Below is a listing. Set down exactly the lines from the one containing "Laat je kleintje de lente en zomer beleven." through the one containing "In Abcoude, Mijdrecht", both ends included, and leave out the rest.

Supplied data below:

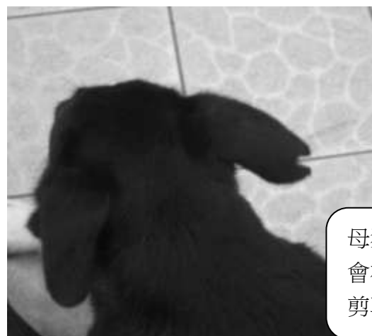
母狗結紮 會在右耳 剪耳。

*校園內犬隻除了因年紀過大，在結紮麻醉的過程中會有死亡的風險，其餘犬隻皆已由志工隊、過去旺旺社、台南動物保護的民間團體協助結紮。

End of Supplied data.
Supplied data below:

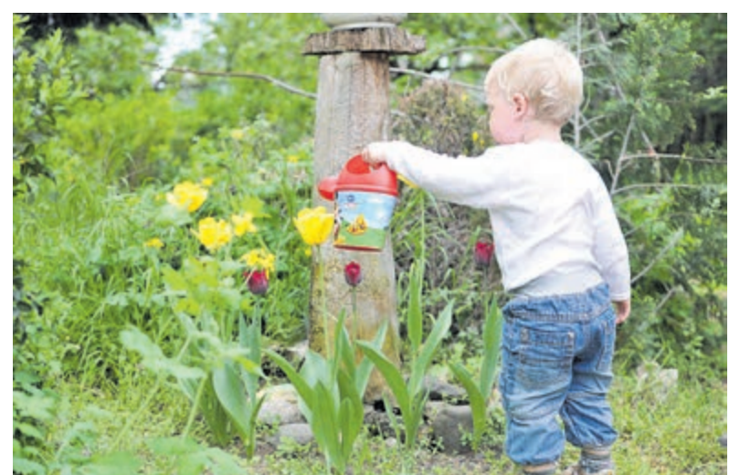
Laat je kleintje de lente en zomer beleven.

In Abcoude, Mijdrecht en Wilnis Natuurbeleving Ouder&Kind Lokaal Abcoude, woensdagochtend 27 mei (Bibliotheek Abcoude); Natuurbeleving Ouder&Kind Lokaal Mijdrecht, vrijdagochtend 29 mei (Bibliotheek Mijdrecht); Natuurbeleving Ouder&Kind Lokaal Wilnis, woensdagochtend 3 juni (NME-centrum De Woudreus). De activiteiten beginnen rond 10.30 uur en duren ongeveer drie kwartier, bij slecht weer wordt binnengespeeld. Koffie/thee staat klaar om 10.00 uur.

End of Supplied data.
Supplied data below:

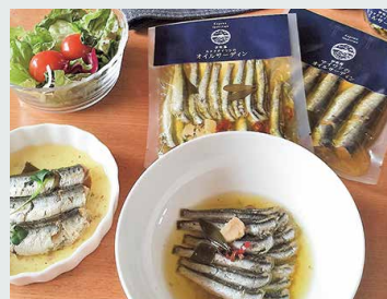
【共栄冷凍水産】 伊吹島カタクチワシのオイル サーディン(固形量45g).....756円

End of Supplied data.

[Answer to this exercise]
Laat je kleintje de lente en zomer beleven.

In Abcoude, Mijdrecht en Wilnis Natuurbeleving Ouder&Kind Lokaal Abcoude, woensdagochtend 27 mei (Bibliotheek Abcoude); Natuurbeleving Ouder&Kind Lokaal Mijdrecht, vrijdagochtend 29 mei (Bibliotheek Mijdrecht); Natuurbeleving Ouder&Kind Lokaal Wilnis, woensdagochtend 3 juni (NME-centrum De Woudreus). De activiteiten beginnen rond 10.30 uur en duren ongeveer drie kwartier, bij slecht weer wordt binnengespeeld. Koffie/thee staat klaar om 10.00 uur.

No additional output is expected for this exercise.